Michael Lowenstein, PhD CMC
Michael Lowenstein, PhD CMC, specializes in customer and employee experience research/strategy consulting, and brand, customer, and employee commitment and advocacy behavior research, consulting, and training. He has authored seven stakeholder-centric strategy books and 400+ articles, white papers and blogs. In 2018, he was named to CustomerThink's Hall of Fame.

3 COMMENTS

  1. Michael, well put. I agree with you. Various identities of individuals and of “groups” is something most of us do not consider.

  2. Hi Michael

    What an interesting article.

    I agree with you completely when you suggest that we should use what we know about customers, their circumstances and their current context to personalise communications. Whether to the customer as a whole, or to the divisible customer. Increasingly that means providing customers with contextual support, service or even sales prompts to nudge them towards mutually valuable outcomes, rather than the traditional ‘buy my stuff’ campaigns which usually have little of value in them for the customer.
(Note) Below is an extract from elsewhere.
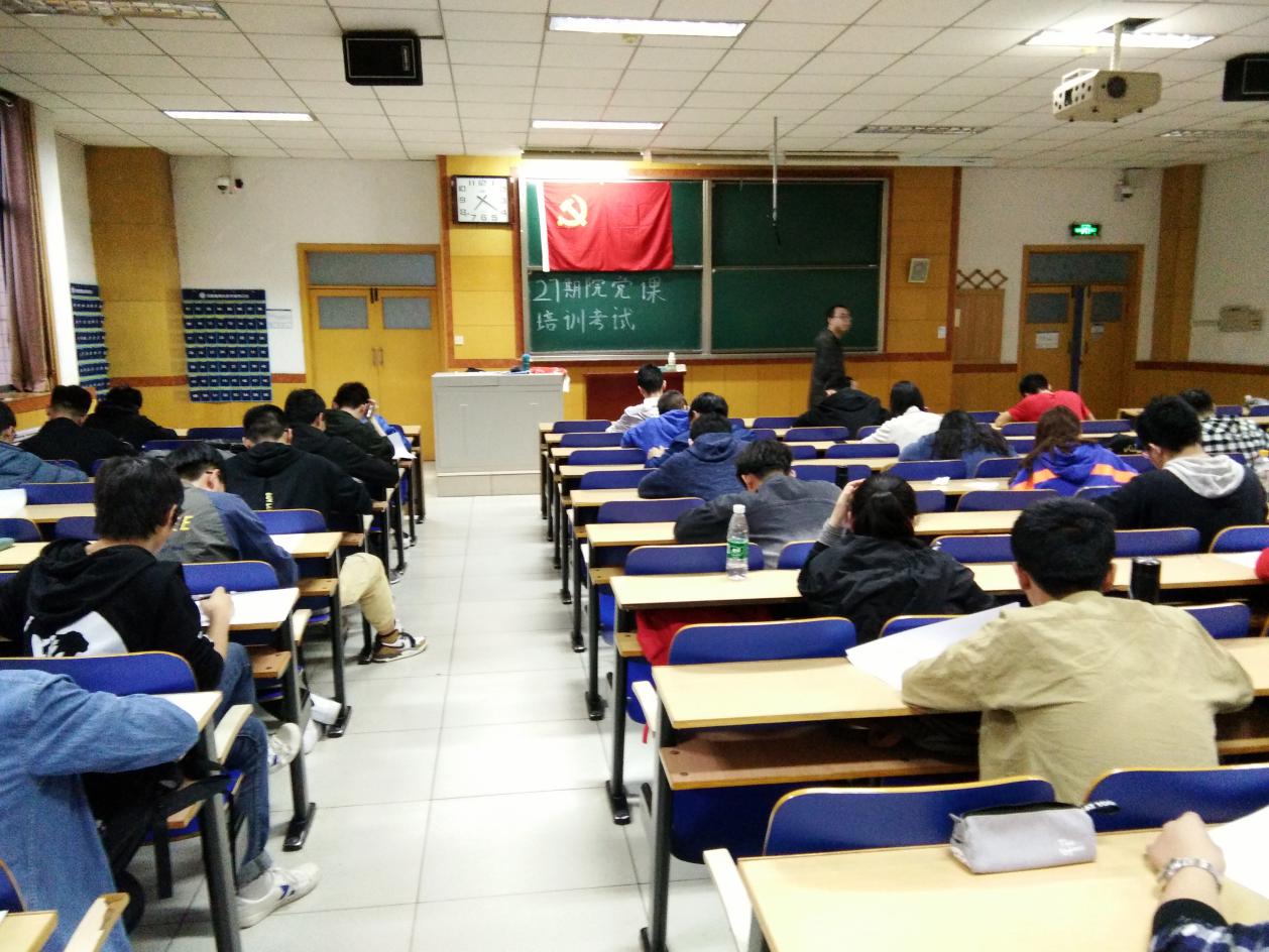 第27期院党课结业考试于2019年4月21日晚7时在9号楼302、303、501教室组织进行,参加考试的同学为本学期经班级推优选举确定的180名入党申请人。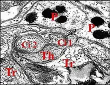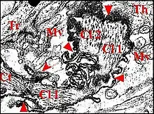 - Deux dendrites, un pour chaque neurone, pénètrent latéralement dans la cellule thécogène, d’abord séparés puis contigus (Fig.26). Leur segment interne (diamètre moyen : 1 µm) renferme des neurotubules, de nombreuses mitochondries, des ribosomes, des corps multivésiculaires et du glycogène. Chacun d’eux donne naissance à un cil à la base duquel se trouve un seul centriole d’où partent des racines ciliaires très courtes. Les microtubules y sont répartis en 9 doublets périphériques. Les cils (Fig.27,28) ont d’abord le même diamètre à leur base (0,4 µm). L’un d’eux devient ensuite plus gros que l’autre puis s’élargit brusquement à son extrémité distale où se différencie un corps tubulaire volumineux (Fig.24, 29 à 31). Ce dernier, long d’environ 15 µm pour un diamètre de 5, renferme de nombreux microtubules associés à un matériel peu osmiophile les unissant entre eux et à la membrane du cil. Il pénètre dans la cavité sous-cuticulaire, y entre latéralement en contact étroit avec l’apodème (Fig.24,29,30) et gagne la base du poil dans sa partie la plus proche de la dent chitineuse.L’autre cil diminue progressivement de diamètre et disparaît au niveau de la base du corps tubulaire.Libres à leur origine sur un trajet très court (1 à 2 µm), les deux

    There are however a couple of caveats I would like to add that limit the power of personalisation.

    The first is that what we know about customers is usually collected as part of an implicit trade-off of more information about customers in exchange for more relevant communications, better services and more useful new products. As numerous studies have shown, this trade-off has started to break down as marketers seek to gather ever more information about customers, but refuse to fulfil their side of the bargain.

    The second is that there are fundamental limits to personalisation. As an article by GfK’s Colin Strong on ‘Are Brands Entering an Uncanny Valley’ suggests, if you plot the degree of personalisation on one axis and the resulting brand liking on the other you find an approximate straight line relationship between the two up to a point, followed by increasing personalisation quickly driving brand liking off a cliff. Once communications become over-personalised they very quickly become too personal, intrusive or even downright creepy.

    These are just part of the dark side of personalisation. In response, customers are going dark on marketers. Just look at how the rapidly expanding use of programmatic digital marketing, with its ads that follow you from website to website, has spawned a new generation of customers who routinely browse the web anonymously using DuckDuckGo, who block webpage data collection using Ghostery and who block ads using Adblock Plus.

    I have seen the enemy, and they are us marketers!